Let $x$ be equal to 1. Then we can write $x^2=1$, or putting it differently $x^2-1=0$. By using the difference of two squares formula we get $$(x+1)(x-1)=0$$ Dividing both sides of the equality by $x-1$ we obtain $$x+1=0,$$ in other words $x=-1$. But earlier we assumed $x=1$. THUS $$-1=1!$$

In every right-angled triangle the arm is greater than the hypotenuse. Consider a triangle $ABC$ with right angle at $C$.

The difference of the squares of the hypothenuse and one of the arms is $A{B}^2-B{C}^2$. This expression can be represented in the form of a product $$A{B}^2-B{C}^2=(AB-BC)(AB+BC)$$ or $$A{B}^2-B{C}^2=-(BC-AB)(AB+BC)$$ Dividing the right hand sides by the product $-(AB-BC)(AB+BC)$, we obtain the proportion $$\frac{AB+BC}{-(AB+BC)}=\frac{BC-AB}{AB-BC}.$$ Since the positive quantity is greater than the negative one we have $AB+BC>-(AB+BC)$. But then also $BC-AB>AB-BC$, and therefore $2BC>2AB$, or $BC>AB$, i.e. THE ARM IS GREATER THAN THE HYPOTENUSE!

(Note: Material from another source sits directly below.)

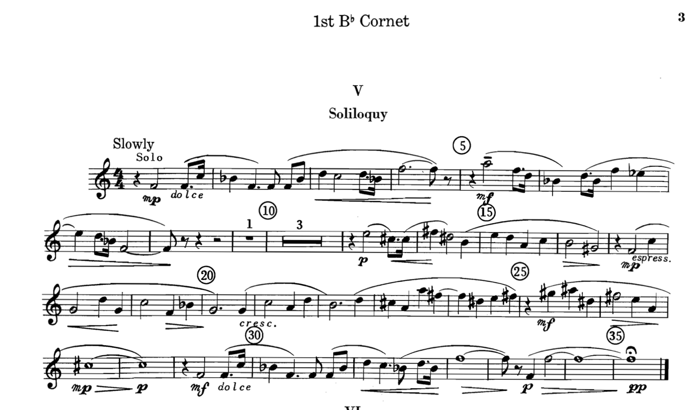 The greatest difficulty of this excerpt is found in the dynamics. It’s a soft solo, which requires great control at the embouchure. It is common that when the trumpet player plays softly, he stops using the air column and closes his lips. Here we can hear Tim’s first example:

Having had experience with some faulty proofs above, can you now answer the following questions

(a) From the equality $(a-b{)}^2=(m-n{)}^2$ may one draw the conclusion that $a-b=m-n$?

(b) For what value of $x$ do the following expressions lose their meaning?

(1) $\frac{x^3-1}{x-1}$, (2) $\frac{1}{x^2-1}$, (3) $\frac{x+1}{1-2^x}$.

(c) If $a>b$, can one conclude that $ac>bc$ for any number $c$?